Lara’s Home makes a welcome return in Tomb Raider II, only this time, Lara has kindly left a few more doors open and has upgraded her estate to include the outside world. She’s also brought her butler, Winston (or Jeeves, as his fan-name was before Tomb Raider V) back from wherever she was hiding him last year (maybe after accidently crating him up and sending him into storage).
I don’t know if I made it clear in my first post on the subject, but I love Lara’s Home. The idea of building an entire estate for your lead character to run around in (and creating a fairly believable premise for a tutorial in the process) is, in my mind, a stroke of genius that serves both gameplay and character development. It was a great disappoint when the house failed to appear in Tomb Raider VI and V, and was then horribly mutilated in Anniversary.
The snapshot illustrating Lara’s Home at the main menu. Now, did Lara intend for Winston to be in the shot, or would he just not stop following her for the two seconds it took to take this photo? She does look slightly irritated.
The first time I ever saw Winston, I thought he was a skeleton, or the grim reaper, albeit a fairly slow grim reaper who brought his own refreshments.
One of the new skills Lara claims to have picked up since last time is the ability to use a zip swing. Truthfully, I don’t remember the lack of this skill being a particular impairment in Tomb Raider I, although it would have been nice to have had a couple of lines to speed up Colosseum.
“Feel free to explore the rest of the house and gardens,” Lara says after she’s praised / ridiculed your finishing time on her assault course. If the rest of the outside looks like this garden, I think I’ll pass.
Thankfully, it doesn’t. Here is the front of Lara’s gorgeous abode.
Here is Lara’s not-so-gorgeous fish statue.
The inside of Lara’s home, as seen from the front door; and oh, look, she’s finally updated that hideous carpet!
There are a few repeated pictures in Lara’s home, but this instance really takes the biscuit. The same image, five times, in varying scales and rotations. That’s what you get for having a three-hundred-year-old butler whose eyesight probably gave up when Queen Victoria was still on the throne.
Why is Lara storing gold in the fire grate? We’ll find out later.
A lot of Lara’s furniture dwarfs her; my hypothesis is that her aunt (who left the house to Lara in her will) was a very large woman.
Sometimes you see something distinctly un-Lara, like a leopard-print fainting couch, and you must force yourself to remember this was her aunt’s house.
Any edgy game can include a toilet, but what other game developers would have added a bidet? I’m impressed.
Hey, Lara has a yellow toothbrush. Now I need never again face the agonizing choice of which colour to choose when selecting my own brush (unless there’s not a yellow one, of course).
Another gigantic hand-me-down from Lara’s aunt.
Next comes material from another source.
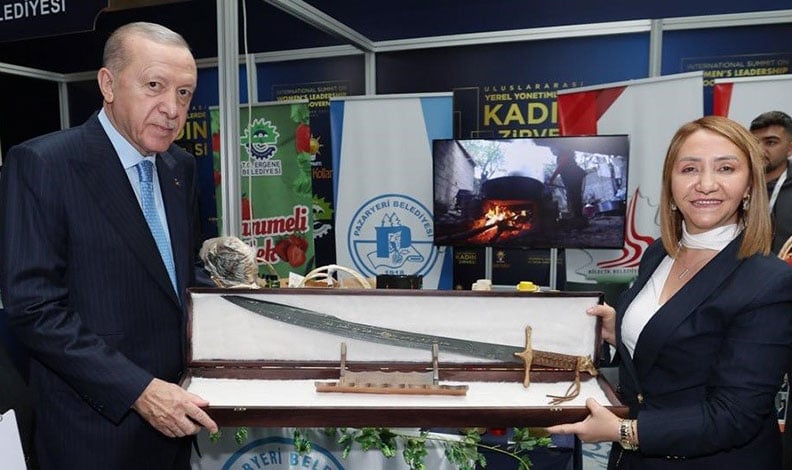 Pazaryeri Belediye Başkanı Zekiye Tekin, Yerel Yönetimlerde Kadın Zirvesi’nde Cumhurbaşkanı Recep Tayyip Erdoğan’a kılıç hediye ederek, “Kılıcın keskin olsun reisim” dedi.

What was she, part-whale?!
I tried to entice Winston in to watch while Lara was “bathing”, but he chose instead to circle the room in confusion before exiting again.
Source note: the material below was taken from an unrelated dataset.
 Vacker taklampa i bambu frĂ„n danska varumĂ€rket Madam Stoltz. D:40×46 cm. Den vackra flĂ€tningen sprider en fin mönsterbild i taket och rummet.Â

Winston somehow manages to find his way onto the inaccessible outside balcony.
Of course, there’s a simple explanation; he can walk through glass. Is in any wonder people find this man so creepy?
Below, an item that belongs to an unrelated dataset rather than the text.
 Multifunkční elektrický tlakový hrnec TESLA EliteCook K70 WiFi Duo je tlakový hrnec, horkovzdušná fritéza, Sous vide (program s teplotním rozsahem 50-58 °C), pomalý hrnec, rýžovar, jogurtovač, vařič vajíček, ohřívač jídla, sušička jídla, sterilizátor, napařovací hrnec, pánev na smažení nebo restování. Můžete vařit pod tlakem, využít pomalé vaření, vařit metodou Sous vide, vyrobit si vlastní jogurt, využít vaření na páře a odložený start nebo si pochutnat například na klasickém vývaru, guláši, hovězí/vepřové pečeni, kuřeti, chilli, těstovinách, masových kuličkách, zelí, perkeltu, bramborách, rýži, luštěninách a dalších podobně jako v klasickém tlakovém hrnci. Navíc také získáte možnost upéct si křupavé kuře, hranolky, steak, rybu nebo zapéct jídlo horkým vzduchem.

Back downstairs to look around the kitchen.
No wonder Winston is constantly trying to force tea onto Lara; look at the size of the kettle! He’s must make about three barrels full every time he brews up.
The only thing in Lara’s fridge are massive joints of meat. I know Tomb Raiders need protein, but Jesus, Lara, a carrot wouldn’t hurt.
Of course, it’s impossible to play Lara’s Home without locking Jeeves in the freezer. In fact, I’m pretty sure you’re not allowed to exit the level until you do so.
I let him out again, though, so he could accompany her through the maze. While Lara ran around, Winston chose to practice his physics-bending abilities on a hedge.
Hey, it’s the Vilcabamba twins! I don’t remember stashing these in the inventory in Tomb Raider I, meaning that Lara travelled back afterwards and damaged an extremely rare, historical site just so she had some unique garden ornaments.
A switch in the maze opens a timed door to the basement, where Lara keeps the treasures she’s picked up on her travels, as well as her ugly old carpet.
It turns out Lara did take one of those cat statues from the Shadow of the Cat levels. And she had the sense to put it in a sealed room in case it turns into a panther.
I love the random piles of gold Lara has apparently accrued from her adventures. This explains the fire grates (see above).
And that concludes our tour of Lara’s home. Time to head off to China for the first chapter of the awesomeness that is Tomb Raider II. See you there.